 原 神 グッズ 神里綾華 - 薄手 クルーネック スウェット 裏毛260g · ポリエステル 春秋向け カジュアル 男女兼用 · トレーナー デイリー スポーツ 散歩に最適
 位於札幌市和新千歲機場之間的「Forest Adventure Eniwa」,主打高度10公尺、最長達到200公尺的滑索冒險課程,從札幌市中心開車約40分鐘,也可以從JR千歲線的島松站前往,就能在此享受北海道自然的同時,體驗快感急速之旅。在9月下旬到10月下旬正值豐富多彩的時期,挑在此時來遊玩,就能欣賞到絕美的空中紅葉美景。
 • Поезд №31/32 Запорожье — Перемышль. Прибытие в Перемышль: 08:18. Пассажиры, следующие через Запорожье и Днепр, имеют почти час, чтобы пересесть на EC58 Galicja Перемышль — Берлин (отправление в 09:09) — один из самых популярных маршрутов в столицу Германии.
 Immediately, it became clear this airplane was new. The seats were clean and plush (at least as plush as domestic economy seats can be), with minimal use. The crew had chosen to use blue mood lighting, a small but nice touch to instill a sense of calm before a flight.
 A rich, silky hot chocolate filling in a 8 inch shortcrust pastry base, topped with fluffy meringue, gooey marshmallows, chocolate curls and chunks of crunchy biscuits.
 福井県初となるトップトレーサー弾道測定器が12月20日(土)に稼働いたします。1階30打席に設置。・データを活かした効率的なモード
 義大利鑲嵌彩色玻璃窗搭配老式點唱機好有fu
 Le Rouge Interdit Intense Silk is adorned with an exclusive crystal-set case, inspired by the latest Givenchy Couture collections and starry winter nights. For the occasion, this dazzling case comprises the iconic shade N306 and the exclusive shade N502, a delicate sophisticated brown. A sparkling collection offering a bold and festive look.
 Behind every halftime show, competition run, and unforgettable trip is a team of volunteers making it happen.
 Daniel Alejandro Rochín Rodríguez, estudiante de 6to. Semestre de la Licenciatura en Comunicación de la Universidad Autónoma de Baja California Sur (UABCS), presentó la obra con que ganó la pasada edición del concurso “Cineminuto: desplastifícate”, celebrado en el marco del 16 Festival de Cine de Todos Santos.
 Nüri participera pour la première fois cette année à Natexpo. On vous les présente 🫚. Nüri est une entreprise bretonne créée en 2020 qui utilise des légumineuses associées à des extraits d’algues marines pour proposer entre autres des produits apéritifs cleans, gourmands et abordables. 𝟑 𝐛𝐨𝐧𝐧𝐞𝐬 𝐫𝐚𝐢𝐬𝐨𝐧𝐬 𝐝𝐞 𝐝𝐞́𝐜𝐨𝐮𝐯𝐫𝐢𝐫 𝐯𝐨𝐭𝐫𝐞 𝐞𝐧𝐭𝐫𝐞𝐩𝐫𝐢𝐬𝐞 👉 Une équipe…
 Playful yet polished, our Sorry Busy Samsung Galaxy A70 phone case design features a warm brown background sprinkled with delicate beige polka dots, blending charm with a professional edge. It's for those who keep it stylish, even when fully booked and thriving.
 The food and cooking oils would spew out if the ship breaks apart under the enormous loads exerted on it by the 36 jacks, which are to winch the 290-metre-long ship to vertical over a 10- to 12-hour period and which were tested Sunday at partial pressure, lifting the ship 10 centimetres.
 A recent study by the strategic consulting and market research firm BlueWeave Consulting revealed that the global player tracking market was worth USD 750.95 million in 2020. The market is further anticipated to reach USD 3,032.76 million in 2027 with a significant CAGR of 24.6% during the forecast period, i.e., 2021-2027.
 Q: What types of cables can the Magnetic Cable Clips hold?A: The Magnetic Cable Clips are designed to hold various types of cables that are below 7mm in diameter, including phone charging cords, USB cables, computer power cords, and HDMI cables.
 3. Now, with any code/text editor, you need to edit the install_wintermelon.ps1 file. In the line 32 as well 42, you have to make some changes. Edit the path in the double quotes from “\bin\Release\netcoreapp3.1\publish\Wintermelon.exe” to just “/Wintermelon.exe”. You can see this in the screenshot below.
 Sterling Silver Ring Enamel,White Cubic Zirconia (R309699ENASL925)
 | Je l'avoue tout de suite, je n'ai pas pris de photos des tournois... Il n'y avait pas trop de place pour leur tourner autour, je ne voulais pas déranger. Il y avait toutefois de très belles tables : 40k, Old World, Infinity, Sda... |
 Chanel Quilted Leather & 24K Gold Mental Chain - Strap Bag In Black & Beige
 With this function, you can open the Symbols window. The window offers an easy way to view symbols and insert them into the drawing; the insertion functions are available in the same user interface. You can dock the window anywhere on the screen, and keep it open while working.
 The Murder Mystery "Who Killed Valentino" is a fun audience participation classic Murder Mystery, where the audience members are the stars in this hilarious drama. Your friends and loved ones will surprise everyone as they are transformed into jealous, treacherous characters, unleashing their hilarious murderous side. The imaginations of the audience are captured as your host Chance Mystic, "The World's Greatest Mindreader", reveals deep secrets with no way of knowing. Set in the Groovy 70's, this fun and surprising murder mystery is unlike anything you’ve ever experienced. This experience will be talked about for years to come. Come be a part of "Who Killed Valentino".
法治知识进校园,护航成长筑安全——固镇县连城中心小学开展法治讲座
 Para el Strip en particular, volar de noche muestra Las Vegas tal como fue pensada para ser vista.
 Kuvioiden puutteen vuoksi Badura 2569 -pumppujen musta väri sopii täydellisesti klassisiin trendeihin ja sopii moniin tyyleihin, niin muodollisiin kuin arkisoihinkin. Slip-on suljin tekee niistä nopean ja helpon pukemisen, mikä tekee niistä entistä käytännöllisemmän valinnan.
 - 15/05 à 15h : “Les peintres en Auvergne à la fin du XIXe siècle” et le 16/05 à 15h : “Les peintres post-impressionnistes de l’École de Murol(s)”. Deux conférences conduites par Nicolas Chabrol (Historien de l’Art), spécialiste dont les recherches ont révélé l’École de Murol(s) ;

_What you have to do:_
Show every line in the entries above that contains the string "keep".

_Response to this task:_
 Playful yet polished, our Sorry Busy Samsung Galaxy A70 phone case design features a warm brown background sprinkled with delicate beige polka dots, blending charm with a professional edge. It's for those who keep it stylish, even when fully booked and thriving.
 With this function, you can open the Symbols window. The window offers an easy way to view symbols and insert them into the drawing; the insertion functions are available in the same user interface. You can dock the window anywhere on the screen, and keep it open while working.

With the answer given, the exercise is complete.